PARISH CHURCH OF SANTA MONICA | vicens + ramos
This church, just 15 km outside Madrid, takes on a curving, arrow-like form in order to maximally occupy its long, narrow plot. At the south end, its vertical edge widens into the main altar room at the north, lit by a mosaic of skylights. On the church’s exterior, these skylights appear as an explosion of graphic lines, rectangles and trapezoids, which the architects sheathed in weathering steel.
CHURCH OF ST. WENCESLAS | atelier štĕpán
Based on Romanesque rotundas, this concrete church in Sazovice, Czech Republic finds inspiration in its endless form. “When you observe the volume, you feel the lightness made by the design principle of tapering the walls into tiny lines. It’s like cutting a paper cylinder and exploring its possibilities,” explains architect Marek Jan Štěpán. “I created the windows by pushing and pulling the cuts and letting the light glide softly on the walls.”
SAINT JOSEPH IN THE WOODS | messner architects
Messner Architects converted this church in Bolzano, Italy via two architectural interventions: breaking through the east facade to bring daylight to the presbytery and opening the gable to the small piazza below.
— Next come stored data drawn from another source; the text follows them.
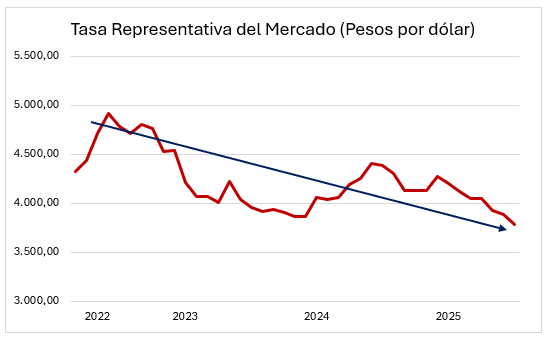 La reducción de $1142 en tres años (de noviembre 2022 a noviembre 2025) corresponde a un índice del -23%, el cual refleja que el comercio exterior colombiano está respondiendo a las señales de precios internacionales e incluso, ajustándose a procesos más diversificados hacia nuevos mercados. La progresividad del cambio y el fortalecimiento de indicadores como la inversión y consumo dentro del país, evidencian que el sistema productivo se ha ido acoplando a la nueva situación de la moneda.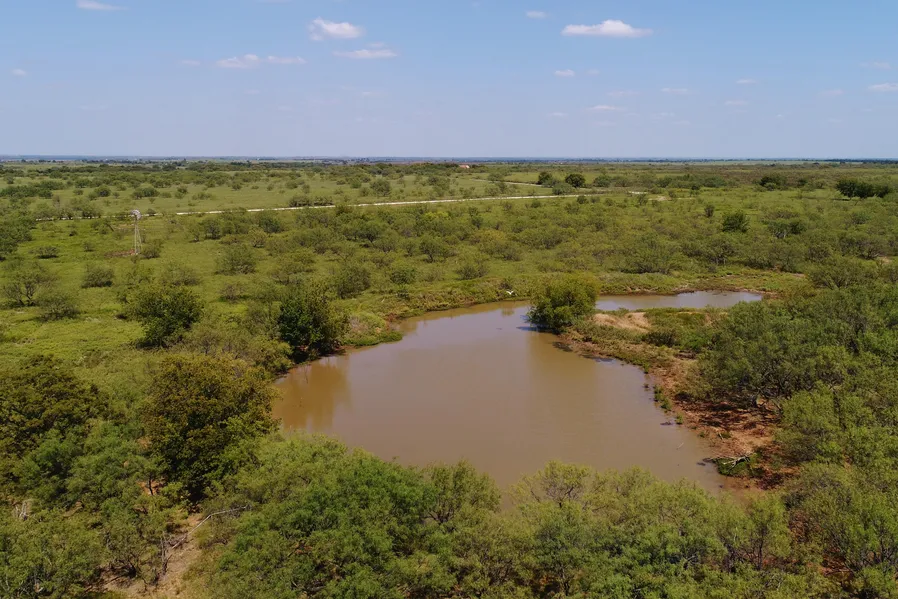 The ranch has one large pond, around one acre in size. Per the owner, it is stocked with bass and catfish and has some large fish in it. One water well, powered by a windmill, is on site and could be piped to areas of the ranch to set up stock tanks for cattle and/or wildlife. The land has one perimeter fence around it; other than a fenced off cattle trap, there are no cross fences. A set of pipe pens is inside the trap.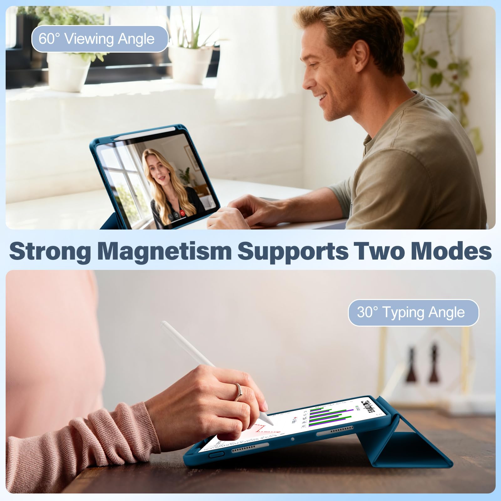 【Typing Angle/Viewing Angle】This apple iPad Pro 11 inch case features a tri-fold design, and when folded, the triangular stand provides exceptional stability. The case offers two daily-use angles: the 30° angle is ideal for drawing, typing, or chatting, while the 60° angle perfectly suits scenarios like watching videos, video calls, and handling emails.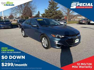 Description: Jet Black Cloth. 28/36 City/Highway MPG Priced below KBB Fair Purchase Price! CARFAX One-Owner. Clean CARFAX.Certification Program Details McGrath Certified Benefits * Free Vehicle History Report * 106 Point Full Vehicle Condition Inspection * Like it or Exchange it! Three Day Policy 2024 Chevrolet Malibu LT 1LT 1.5L DOHC FWDWe're in the customer s...Features:- - Preferred Equipment Group 1LT

Timber lining punctuates these interventions and marks spatial transitions between interior and exterior, quietly returning attention to the church’s alpine surroundings.
TAINAN TUNG-MEN HOLINESS CHURCH | mayu architects+
A grid of copper-toned, perforated aluminum screens or “feathers” distinguishes the facade of this church in Tainan, Taiwan from neighboring residential buildings. “The orientation of every feather is calculated by the Fibonacci sequence and it is varied by increments of two degrees from feather to feather. Thus, the main church facade appears to be soft, transparent and flowing,” explain the architects.
BASILICA OF SIPONTO | eduardo tresoldi
Abandoned after earthquakes in the 13th century, an early Christian basilica in Puglia, Italy is now part of an archaeological site. There, the artist Edoardo Tresoldi has given the basilica another life in wire. Transmitted through volume and light, wire’s material language unearths new lines of communication between the ancient and contemporary on the grounds of this phantom church.